The pressure is now on the sector’s main stakeholders to prove to both the industry and investors alike that it’s uplift is more sustainable and conscientious than it ever has been in the past.

On the surface, there are multiple reasons for ad tech to be optimistic about its chances.

In short, more ads are being bought online and subsequently via ad tech as evidenced by The Trade Desk’s market capitalization, which doubled in value last year to $28.6 billion — making it bigger than Omnicom and WPP, the world’s largest advertising holding groups — combined. The coronavirus intensified existing bright spots like connected TV, commerce and audio for ad tech and even banks seem impressed and some like Southern California-based East West Bank went so far as to extend lines of credit to programmatic — part of the market that has had its fair share of cash flow worries.

“It’s a testament to the strength of the industry that you have a bank that’s prepared to invest in what is usually seen as the riskiest part of the market,” said Hanna Kassis, CEO of Oarex, a invoice factoring company that was able to renew its existing $50 million deal with hedge fund Arena and secure another $50 million in credit from East West Bank.

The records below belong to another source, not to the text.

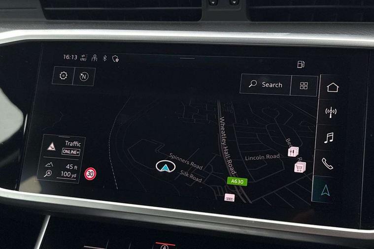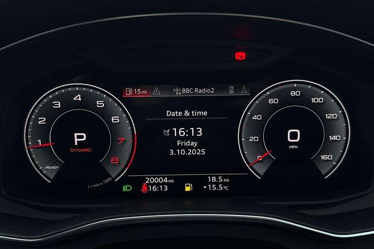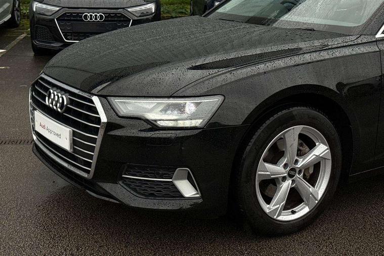 7" high resolution colour driver information display system, Audi connect safety and service (e-call), Audi connect with Amazon Alexa Integration, Audi drive select, Audi parking system plus - acoustic and visual park assist system for front and rear, Automatic start/stop system with coasting functionality, Bluetooth interface, Cruise control + speed limiter, Electric boot lid release, Lane departure warning system, Progressive steering, Rear view camera, Service interval indicator, Smartphone interface includes wireless Apple carplay/Android Auto, Voice control system, Standard suspension, Audi front music interface, Audi sound system, Auxiliary input socket, DAB Digital radio, USB connection, All weather LED headlights, Body colour bumpers, Body coloured door mirrors, Daytime running lights, Electric front/rear windows, Frameless auto dimming interior rear view mirror, Front intermittent wipers, Heat insulating darkened glass in side and rear windows, Heat insulating glass in windshield, LED rear lights, LED third brake light, Matt black rear diffuser with diffuser strip and tailpipes in chrome, Matt black side air intake grille with inlay in matt aluminium, Radiator grille in titanium black matt, single frame in chrome and horizontal struts in matt aluminium silver, Rain and light sensors, Rear boot, Rear side wing doors, 2 zone deluxe electronic climate control, 3 spoke high multi-function leather steering wheel with shift paddles, 4 way electric lumbar support for driver and front passenger, 40/20/40 split folding 3 rear seat bench in 3 parts with rear centre armrest, Black steering wheel insert, Centre armrest matches seat colour, Door sill trims with aluminium inlay, Front centre armrest, Front head restraints, Heated front seats, Height/reach adjust steering wheel, Illuminated sun visors with vanity mirrors, ISOFIX child seat mounting and Top Tether with front passenger airbag deactivation, Leather gear knob, Lunar silver cloth headlining, Rear headrests, Single front passenger seat, LED Interior Ambient Lighting Pack - A6, Non smoking pack - A6, Technology pack - A6, 3 point seatbelts on all seats, Airbags - Front side, front and rear including head, Audi pre-sense front, EBD - Electronic brakeforce distribution, Electromechanical parking brake, Electronic Stability Control (ESC) including ABS, ASR and EDL, Extended pedestrian protection measures, Manual child proof rear door locks, Seatbelt monitoring, Tyre pressure warning light, Warning triangle and first aid kit, Anti theft alarm with tow away protection, Anti-theft wheel bolts and wheel loosening detection, Immobiliser, Keyless Go, Remote central locking, Aluminium fragment inlay,
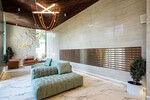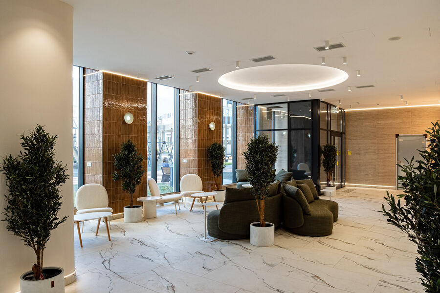 Природные мотивы прослеживаются и в отделке лобби – подъездами и даже парадными их трудно назвать. Разработкой дизайн-концепции общественных пространств занималась дизайн-студия Asthetique. Компания была основана в 2016 году архитектором Julien Albertini и дизайнером Alina Pimkina-Mehrle, и с тех пор завоевала множество международных наград за уникальный дизайн. В 2020 году команда Asthetique включена в десятку лучших мировых дизайнеров Wave of the Future 2020 по версии американского журнала Hospitality Design.
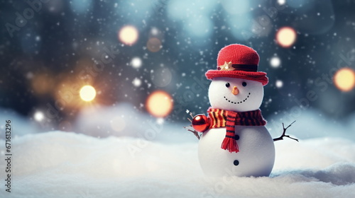 Snowman in a red hat and a Christmas ball in his hand copy space
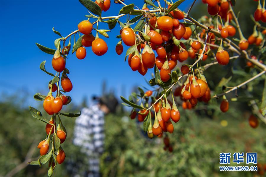 7月13日在新疆精河县托里镇一处枸杞种植园拍摄的成熟枸杞。近日,新疆精河县10万余亩枸杞陆续成熟,当地农民抢抓农时,采收枸杞。近年来,精河县持续发展和培育枸杞“红色产业链”,加大资金扶持力度,提升精河枸杞的品牌效应,带动农民增收致富。精河县位于新疆天山山脉北麓,准噶尔盆地西南边缘。当地日照时间长、昼夜温差大且气候干燥,有利于枸杞果实糖分和药用成分积累。新华社记者 胡虎虎 摄

Now, many ad tech companies, even those whose businesses took a direct hit from the outbreak, are finding they have to adapt to a time when cash is suddenly much harder to raise for the uncertainty that lies ahead. Pubmatic raised $118 from its IPO at the end of 2020, while both Israel-based IronSource and small-scale ad tech vendor AcuityAds plan similar moves sometime later this year.

“More successful IPOs could beget more successful IPOs given that we’ve seen a lot of this activity recently,” said Eric Franchi, operating partner at venture capital fund Math Capital. “That could have an interesting effect on M&A as public companies have a strong currency to do those sorts of deals given they tend to have a lot of liquid stock.”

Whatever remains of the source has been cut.